* [PROBLEM DETAILS]:
In your copy, each line below is repeated exactly and no image appears.
*** Opening GIVEN INFORMATION ***
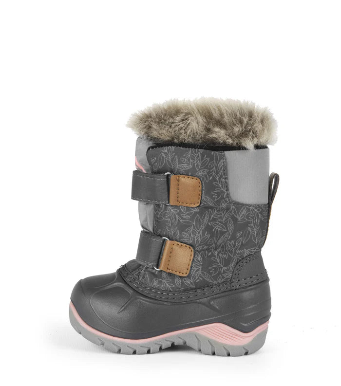 La botte d’hiver ACTON Funky F est faite de caoutchouc et de tissus imperméables. Ses deux velcros permettent de bien l’ajuster et de l’enfiler facilement et rapidement. Son feutre amovible offre l’option de le sortir de la botte pour le faire sécher après une journée de jeux. Elle tiendra les pieds de votre enfant au chaud jusqu’à -40°C. Convient généralement aux pieds réguliers à larges et bombés. (A8387)
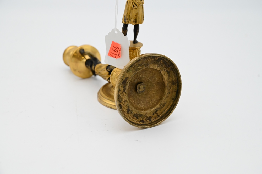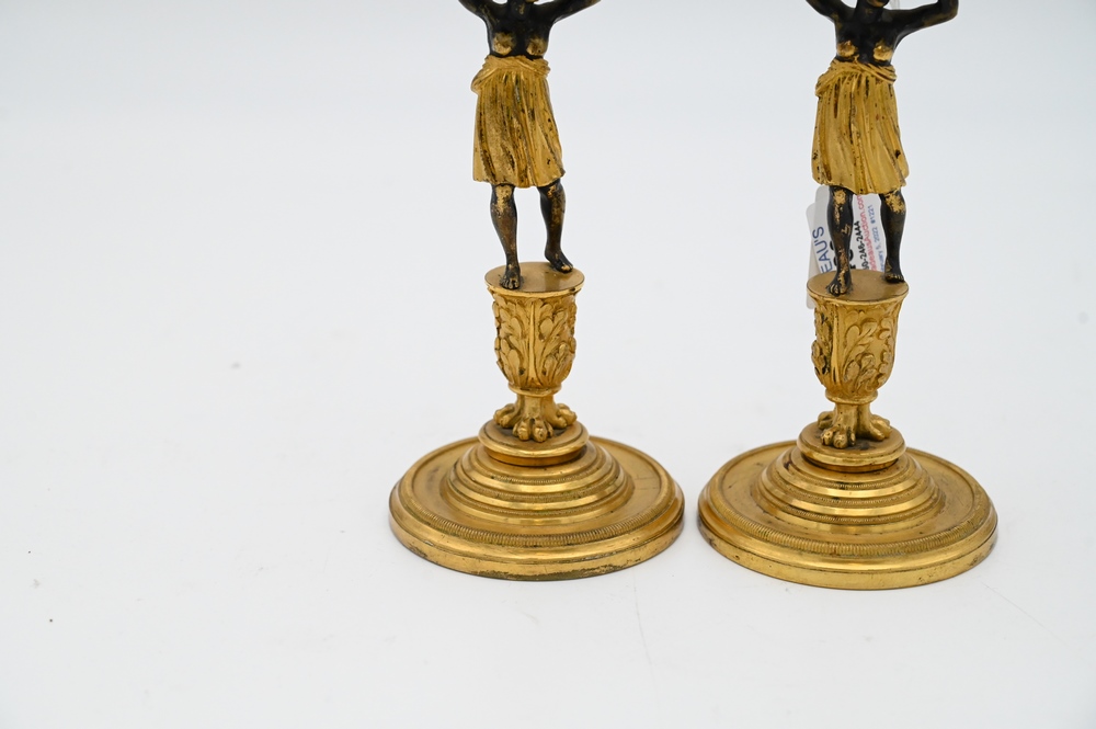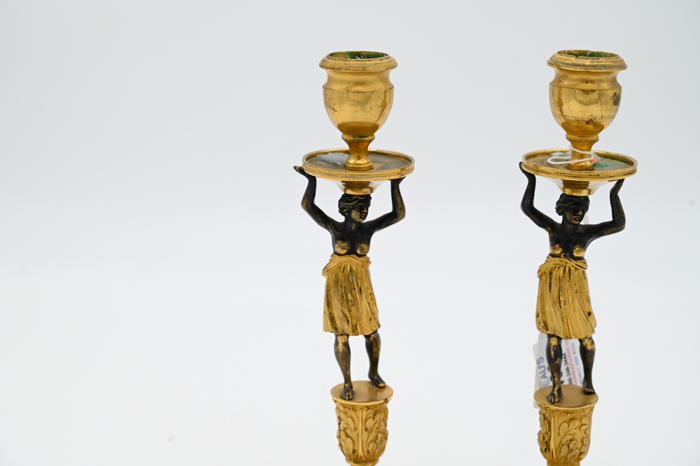 Lot 400: Pair of French Bronze Figural Candlesticks, each having nude female shaft, standing on a pedestal with claw feet on circular base, height 8 1/4 inches.
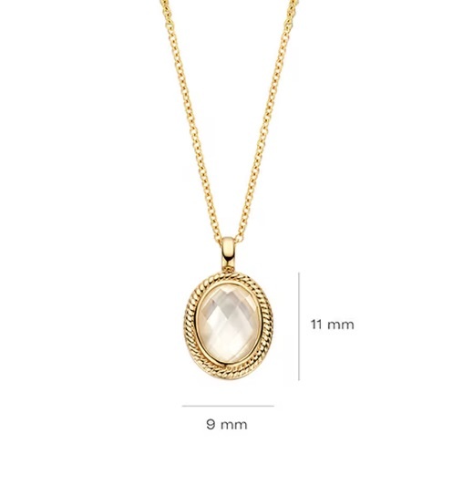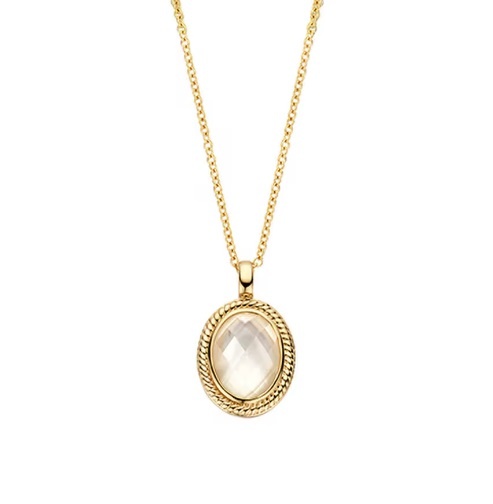 Dit collier combineert een 14k geelgouden schakelketting met een hanger van parelmoer en bergkristal. De elegante hanger met koordmotief is 11 bij 9 mm. Stijlvol op zichzelf of in combinatie met andere sieraden uit onze collectie.
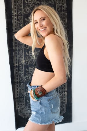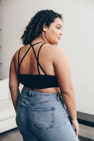 Made to be seen, this bralette has open weave like floral cut-outs that start high at the neck and dip along the decolletage. Intricate, airy-stitch traces the stretchy fabric of this bralette’s sweetheart neckline and offers a low, strappy back to layer with so many styles.
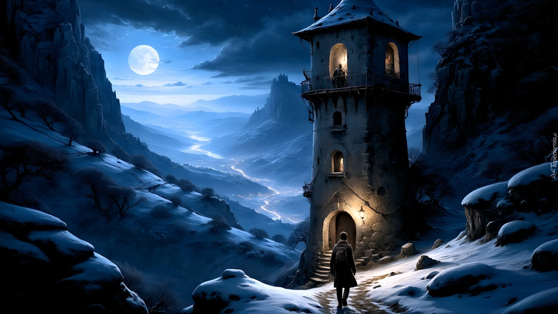 Edytor tapety: Wieża w górach i człowiek w blasku księżyca
*** Closing GIVEN INFORMATION ***
* [EXPECTED ANSWER]:
 La botte d’hiver ACTON Funky F est faite de caoutchouc et de tissus imperméables. Ses deux velcros permettent de bien l’ajuster et de l’enfiler facilement et rapidement. Son feutre amovible offre l’option de le sortir de la botte pour le faire sécher après une journée de jeux. Elle tiendra les pieds de votre enfant au chaud jusqu’à -40°C. Convient généralement aux pieds réguliers à larges et bombés. (A8387)
 Lot 400: Pair of French Bronze Figural Candlesticks, each having nude female shaft, standing on a pedestal with claw feet on circular base, height 8 1/4 inches.
 Dit collier combineert een 14k geelgouden schakelketting met een hanger van parelmoer en bergkristal. De elegante hanger met koordmotief is 11 bij 9 mm. Stijlvol op zichzelf of in combinatie met andere sieraden uit onze collectie.
 Made to be seen, this bralette has open weave like floral cut-outs that start high at the neck and dip along the decolletage. Intricate, airy-stitch traces the stretchy fabric of this bralette’s sweetheart neckline and offers a low, strappy back to layer with so many styles.
 Edytor tapety: Wieża w górach i człowiek w blasku księżyca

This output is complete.